Действительно, «Моя история русской литературы» похожа на школьный учебник, разрисованный веселой восьмиклассницей. Тут еще иллюстратор Зоя Черкасская постаралась. Кто не размалевывал портреты в школьных учебниках? Не только писателей, но и других осточертевших классиков. У меня, например, Бойль и Мариотт изображали сцену дуэли: я им пририсовал руки с пистолетами, чтобы они друг друга поубивали. Выговор Климовой за порчу казенного учебника и неуважение к старшему педперсоналу! Занести в кондуит и оставить без сладкого. Пускай зубрит ордена комсомола и биографии пионеров-героев. Вот что себе позволила эта Климова: «разухабистый стёб по поводу сравнительной длины… как бы это выразиться, не нарушая традиций толстого журнала? — ну, скажем, так: детородных органов у классиков русской литературы». Долго думала дама как бы выразиться, да вот и выразилась: «длина…толстого». Латынина зажигает! На ее фоне дискуссия про бананы и сигары меркнет. Круче только тетка из «Молодой гвардии», ляпнувшая как-то раз про «жизнеутверждающий стержень» чего-то там – духовности или соборности. И после этого Латынина посылает Климову к психоаналитику? И эти-то люди запрещают нам ковырять в носу? Традиции толстого есть – уши уже не требуются. Зачем пытаться произносить вслух собственные фразы? Интеллигентный критик лучше сразу даст оппонентке по морде: «Такие лица бывают у ткачих, буфетчиц, продавщиц сельских магазинов, железнодорожниц в оранжевой униформе и прочих представительниц пролетариата». И сетевому журналу «Топос» Латынина отвесила фунт презрения. Конечно, куда «Топосу» до «Нового мира». Там не найдешь выражений вроде «красота спасет мир» или «судьбы России», там не печатали Брежнева.
Впрочем, я сам купился на портрет, украшающий обложку «Моей истории…». Мне было любопытно — как выглядит Маруся? Даже пошел на презентацию ее книги в Москве, но к началу опоздал и должен был угадывать, кто есть кто. За столиком президиума справа сидела элегантная дама в очках и читала университетским голосом про философский пароход.

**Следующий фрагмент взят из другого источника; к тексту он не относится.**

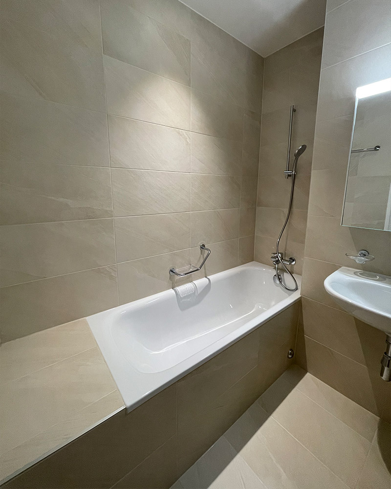 L’approche adoptée pour cette rénovation a inclus l’installation de nouveaux équipements sanitaires, l’optimisation de l’éclairage et l’utilisation de couleurs et de textures qui agrandissent visuellement l’espace. La sélection d’éléments modernes et économes en énergie a également été une priorité, afin de garantir une salle de bain durable et respectueuse de l’environnement. Cette rénovation a non seulement amélioré l’esthétique et le confort de la salle de bain mais a également contribué à augmenter la valeur globale de l’appartement, en faisant un espace plus attrayant et fonctionnel pour ses occupants.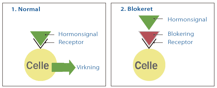 Hormonforstyrrende stoffer som bl.a. dioxin går ind og blokerer receptorerne. Det er fremmedøstrogener, som er “dobbelt onde”: De virker som østrogen, men i modsætning til kroppens eget østrogen, som aktiverer progesteronreceptorerne, så blokerer fremmedøstrogenerne for dem, så progesteron ikke kan få lov at virke. I en eller anden grad vil et højt niveau af fremmedøstrogener derfor gøre, at kroppen ikke kan udnytte progesteron så godt, som den burde – og det gælder både kroppens eget progesteron og det bioidentiske, der tages som tilskud.

На Марусю с обложки она была совершенно не похожа. Где же Климова, куда делась? Наверное, в самом начале представления принялась безобразничать, кидаться в публику табуретками и была выведена милицией. В центре композиции, в настоящем цилиндре и жилетке цвета нежности –Ольга Серебряная. Сразу узнал серебряную вундерфрау по юзерпику, хотя на картинке она в профиль. Да ведь у цилиндра с любой стороны профиль, не спрячешься.
Слева — Владимир Кирсанов и Елена Трофимова – литературоведы в обычной гражданской одежде.
— Маруся – культурный кунструкт, — объявила Трофимова, — и не есть!
В буфете кто-то испуганно поперхнулся.
— …и не есть прямая проекция личности Татьяны Кондратович.
Элегантная дама справа деликатно улыбнулась. Я вспомнил, где раньше слышал голос Маруси: она читала свои произведения на радио «Свобода» несколько лет назад. Хорошо бы получить автограф – это придаст книге особую ценность. Когда публика стала расходиться (кролика из цилиндра так и не достали), я робко подошел к Марусе и пробормотал свою кличку.
— Даррел? – переспросила Маруся. Наверное, я напомнил ей кого-то из персонажей писателя. Интересно, какого – Лоренса или Джеральда. Но имя мое в свою историю все-таки вписала:
Дома я внимательно прочитал книгу Маруси. Но об этом – отдельный разговор.
8 апреля 2005 года.
http://www.livejournal.com/users/donor_darom/6943.html
Ч.2. Маруся и пустота
Идиоты, олигофрены, кретины, дебилы, дегенераты… Эти диагнозы, поставленные Марусей Климовой классикам, бросаются в глаза читателям ее книги «Моя история русской литературы» сразу, как надписи на заборе. Многие читатели ничего больше и не видят, они так и ходят вокруг забора с крамольными надписями, зачитывают обиды вслух и громко возмущаются. В книжке есть слова и покрепче, например, «хер» и «мудак» — правда, это не про классиков, а про других персонажей. В «Моей истории…» полно действующих лиц и разнообразных эпизодов, все они зачем-то автору понадобились. Ноль внимания! Раз уж общественность записала Марусю в хулиганки, справка из драмкружка ей не поможет.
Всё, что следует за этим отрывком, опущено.